## The task
Return the data below exactly, minus the pictures.

[Collected data entries]
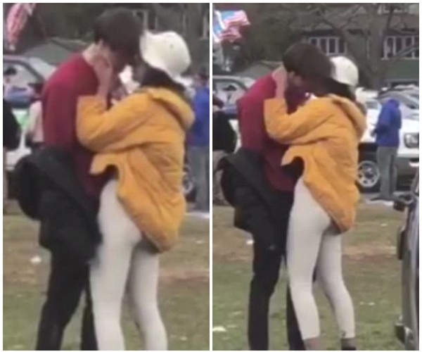 Cặp đôi thoải mái "khóa môi" ngay tại nơi công cộng.
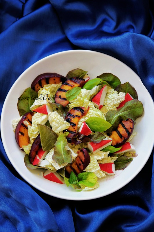 Wersja zimowa to sałata lodowa plus surimi plus brzoskwinie z
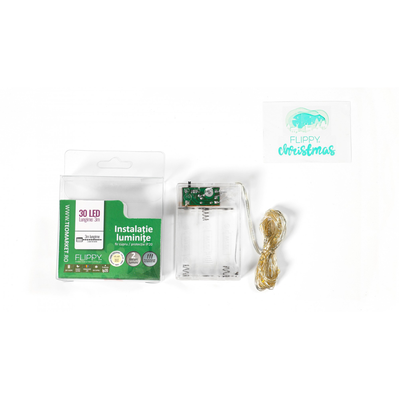 | Continut pachet | 1 X Instalatie de Craciun cu Baterii Tip Liniar, 2 jocuri de lumini, Fir Cupru 3 m 30 LED -uri, Alb Cald |
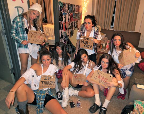 Ponte los trapitos que menos usas, ensúcialos un poco con sombras negras, hazte un letrero y transfórmate en una vagabunda.
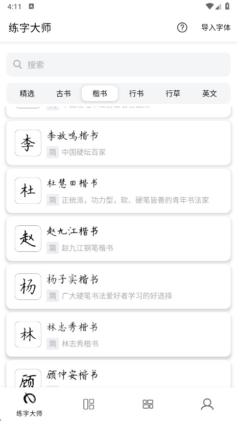 1、在App的首页就能看到,它有楷书、行书、行草、古书、英文五大类文体,关键是每个类别下又有N多种不同风格的字体。
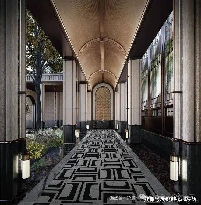建发海阅首府售楼处电话☎:400-8800-703【售楼热线】✔✔✔特别是下面这样一个时光长廊,将社区中的风雨连廊经由海派风格重新演绎,拱形的吊顶、石材的立柱、繁花的地面拼花,让人梦回那老上海的摩登年代。
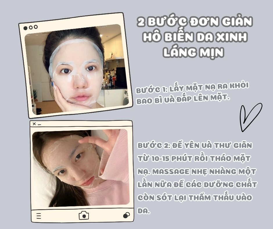 ∞ Hướng dẫn sử dụng: Lấy mặt nạ ra khỏi bao bì và đắp lên mặt. Để yên và thư giãn từ 10-15 phút rồi tháo mặt nạ. Massage nhẹ nhàng một lần nữa để các dưỡng chất còn sót lại thẩm thấu vào da.
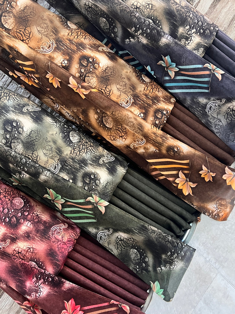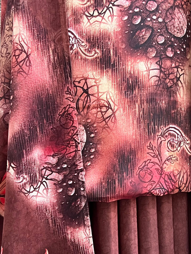 Beautifully flowy, premium quality french crepe fabric with printed chiffon dupatta.

## Worked solution
 Cặp đôi thoải mái "khóa môi" ngay tại nơi công cộng.
 Wersja zimowa to sałata lodowa plus surimi plus brzoskwinie z
 | Continut pachet | 1 X Instalatie de Craciun cu Baterii Tip Liniar, 2 jocuri de lumini, Fir Cupru 3 m 30 LED -uri, Alb Cald |
 Ponte los trapitos que menos usas, ensúcialos un poco con sombras negras, hazte un letrero y transfórmate en una vagabunda.
 1、在App的首页就能看到,它有楷书、行书、行草、古书、英文五大类文体,关键是每个类别下又有N多种不同风格的字体。
建发海阅首府售楼处电话☎:400-8800-703【售楼热线】✔✔✔特别是下面这样一个时光长廊,将社区中的风雨连廊经由海派风格重新演绎,拱形的吊顶、石材的立柱、繁花的地面拼花,让人梦回那老上海的摩登年代。
 ∞ Hướng dẫn sử dụng: Lấy mặt nạ ra khỏi bao bì và đắp lên mặt. Để yên và thư giãn từ 10-15 phút rồi tháo mặt nạ. Massage nhẹ nhàng một lần nữa để các dưỡng chất còn sót lại thẩm thấu vào da.
 Beautifully flowy, premium quality french crepe fabric with printed chiffon dupatta.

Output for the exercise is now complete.